_Task to carry out_. Look below for the line that has "Seagulls in a"; output exactly from it through the line that has "Outstanding location in", and leave the pictures out.

_Data for the task_.
((

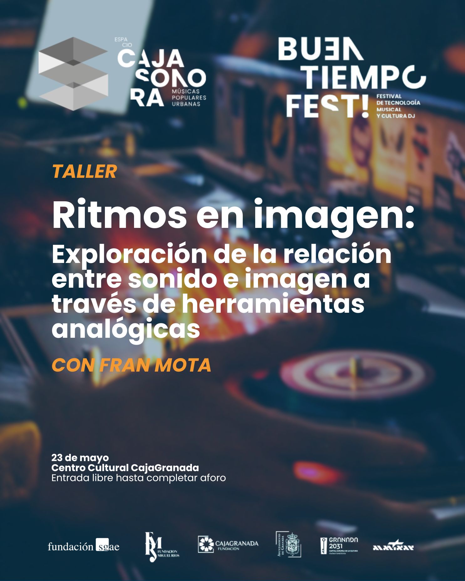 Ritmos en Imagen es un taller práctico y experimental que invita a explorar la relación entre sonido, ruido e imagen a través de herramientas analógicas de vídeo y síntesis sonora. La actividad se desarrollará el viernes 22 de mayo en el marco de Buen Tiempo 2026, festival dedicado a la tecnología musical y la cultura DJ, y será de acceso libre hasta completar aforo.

))
((

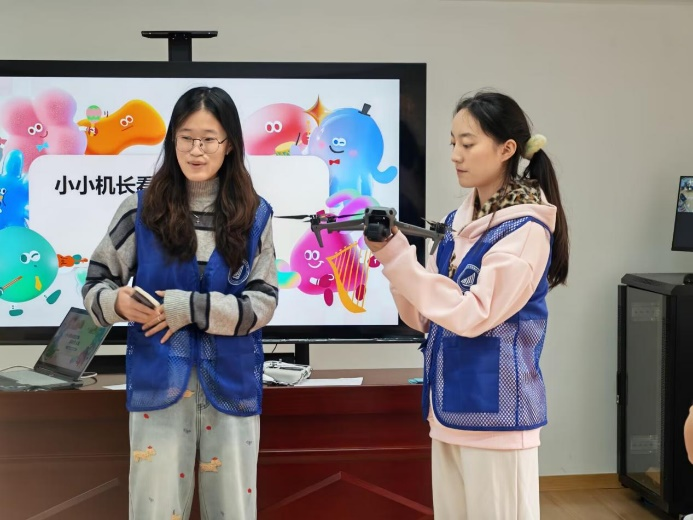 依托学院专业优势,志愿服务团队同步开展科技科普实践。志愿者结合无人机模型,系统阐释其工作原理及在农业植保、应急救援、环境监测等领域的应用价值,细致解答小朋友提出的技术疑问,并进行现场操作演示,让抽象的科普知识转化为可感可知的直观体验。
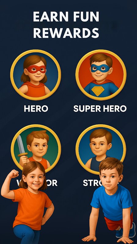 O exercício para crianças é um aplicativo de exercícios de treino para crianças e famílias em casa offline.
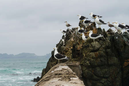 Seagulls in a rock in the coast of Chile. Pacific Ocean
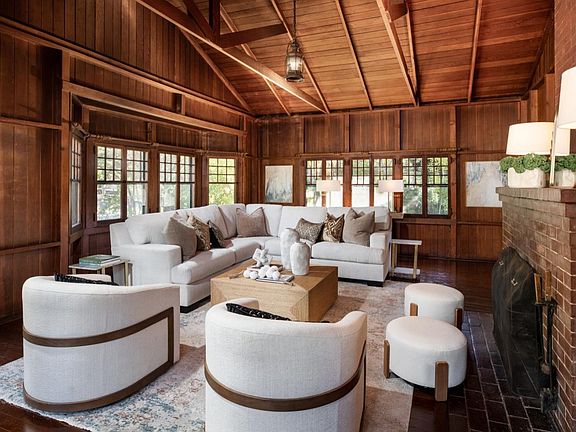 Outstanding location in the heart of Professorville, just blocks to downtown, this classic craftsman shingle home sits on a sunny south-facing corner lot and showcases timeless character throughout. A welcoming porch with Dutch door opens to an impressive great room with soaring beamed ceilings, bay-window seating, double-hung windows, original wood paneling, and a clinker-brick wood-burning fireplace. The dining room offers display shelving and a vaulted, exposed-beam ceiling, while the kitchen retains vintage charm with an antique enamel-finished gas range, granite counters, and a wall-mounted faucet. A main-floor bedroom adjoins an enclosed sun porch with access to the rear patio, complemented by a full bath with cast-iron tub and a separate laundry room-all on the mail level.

))
((

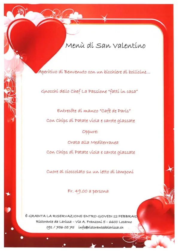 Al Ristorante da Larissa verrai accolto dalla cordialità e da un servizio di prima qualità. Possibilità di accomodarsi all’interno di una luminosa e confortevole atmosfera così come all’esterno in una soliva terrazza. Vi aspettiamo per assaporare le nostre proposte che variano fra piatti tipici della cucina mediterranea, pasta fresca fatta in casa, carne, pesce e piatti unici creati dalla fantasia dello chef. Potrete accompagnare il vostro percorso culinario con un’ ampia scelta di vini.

))

_Reply_.
 Seagulls in a rock in the coast of Chile. Pacific Ocean
 Outstanding location in the heart of Professorville, just blocks to downtown, this classic craftsman shingle home sits on a sunny south-facing corner lot and showcases timeless character throughout. A welcoming porch with Dutch door opens to an impressive great room with soaring beamed ceilings, bay-window seating, double-hung windows, original wood paneling, and a clinker-brick wood-burning fireplace. The dining room offers display shelving and a vaulted, exposed-beam ceiling, while the kitchen retains vintage charm with an antique enamel-finished gas range, granite counters, and a wall-mounted faucet. A main-floor bedroom adjoins an enclosed sun porch with access to the rear patio, complemented by a full bath with cast-iron tub and a separate laundry room-all on the mail level.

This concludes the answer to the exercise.